Collin wrote a letter to Skokie officials stating that the purpose of the demonstration was to protest the Skokie Park District’s ordinance requiring a bond of $350,000 to be posted prior to the issuance of a park permit. He also stated that the demonstration would consist of 30-50 demonstrators marching in single file in front of the Skokie Village Hall. The demonstrators intended to wear uniforms similar to those traditionally worn by Nazis, including swastika armbands. Collin also said that the demonstrators would not make derogatory public statements and would cooperate with reasonable police instructions.
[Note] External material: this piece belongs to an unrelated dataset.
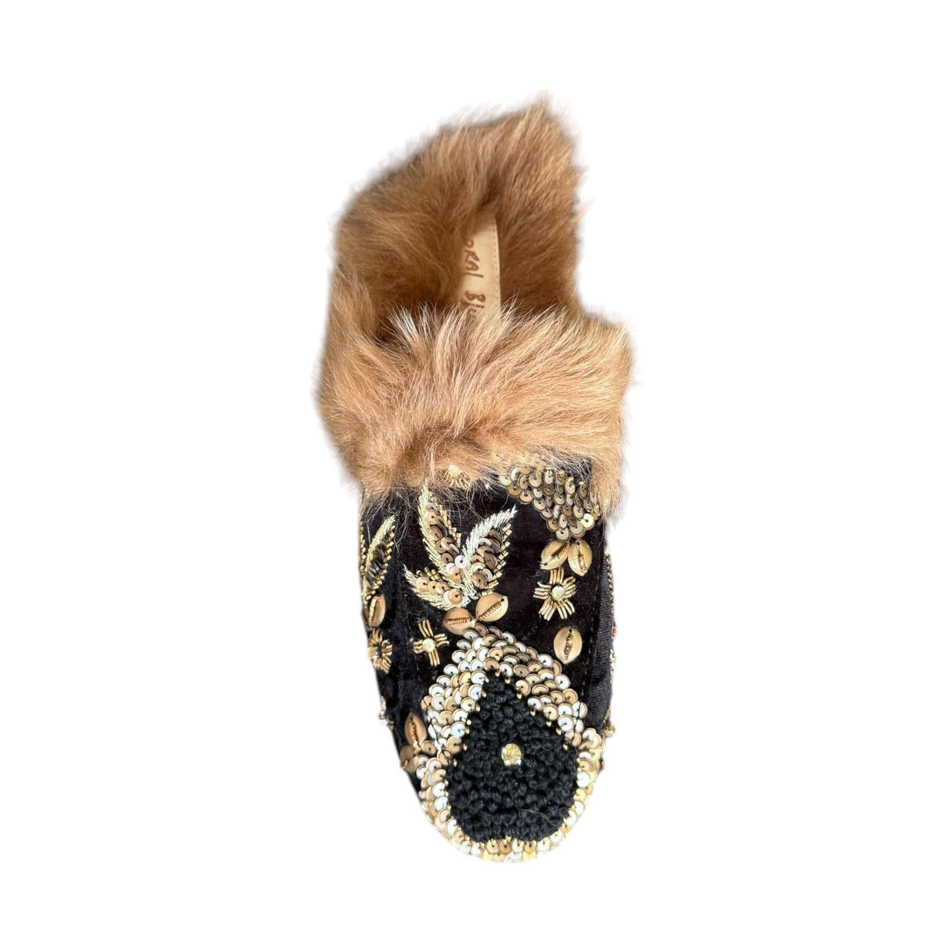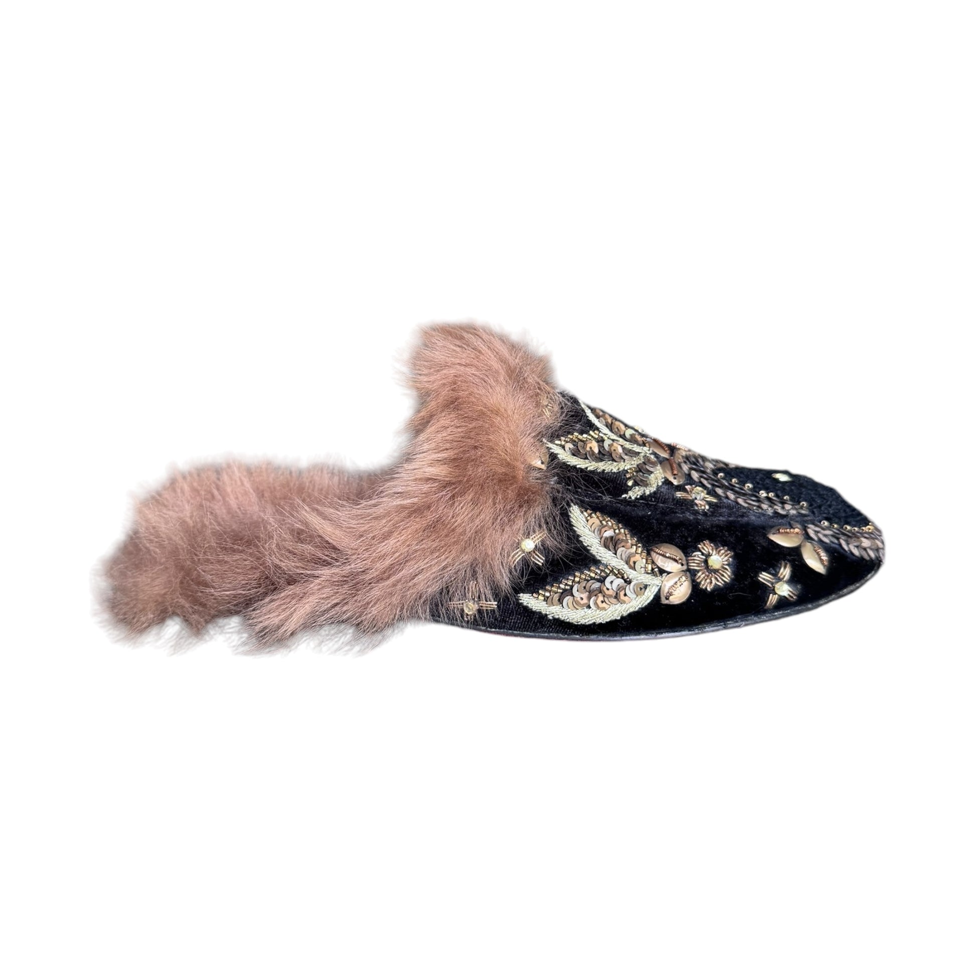 Sabot tomaia in broccato stampato nero multi color, punta a mandorla e interno in pelliccia

The district court of Cook County conducted a hearing on a motion by the Village of Skokie for a preliminary injunction. The court considered Collin’s letter as an affidavit and took the testimony of a number of Skokie residents. One resident testified that a number of Jewish organizations planned a counterdemonstration for the same day with an expected attendance of 12,000 to 15,000 persons, and that the appearance of Nazi demonstrators could well lead to violence. The mayor of Skokie also testified that the demonstration could lead to uncontrollable violence. The court entered an order enjoining defendants from marching, walking, or parading or otherwise displaying the swastika on or off their person on May 1, 1977. The Nazi Party applied to the Illinois appellate court for a stay of the district court’s injunction; the appellate court denied their application. On appeal, the Illinois Supreme Court also denied the petition for a stay. The Nazi Party then filed an application for a stay with Justice John Paul Stevens, who referred the matter to the Court.
Did the Illinois Supreme Court improperly deny the National Socialist Party’s request for a stay of the district court’s injunction?
Legal provision: Amendment 1: Speech, Press, and Assembly
Yes. In a per curiam opinion, the Court held that Illinois must provide strict procedural safeguards, including appellate review, to deny a stay for an injunction depriving the Nazi Party of protected First Amendment rights. The Court treated the Illinois Supreme Court’s denial of a stay as a final judgment for the purposes of Supreme Court jurisdiction because it involved a right separable from and collateral to the merits of the Nazi Party’s case. Hence, the Court also treated the Nazi Party’s application for a stay as a petition for certiorari. The Court reversed and remanded the case for further proceedings.
Justice William Rehnquist, joined by Chief Justice Warren Burger and Justice Potter Stewart, dissented. He disagreed that the refusal of the Illinois Supreme Court to stay an injunction could be described as a final judgment or decree by the highest court of a state. He noted that no Illinois appellate court had heard or decided the merits of the Nazi Party’s federal claim.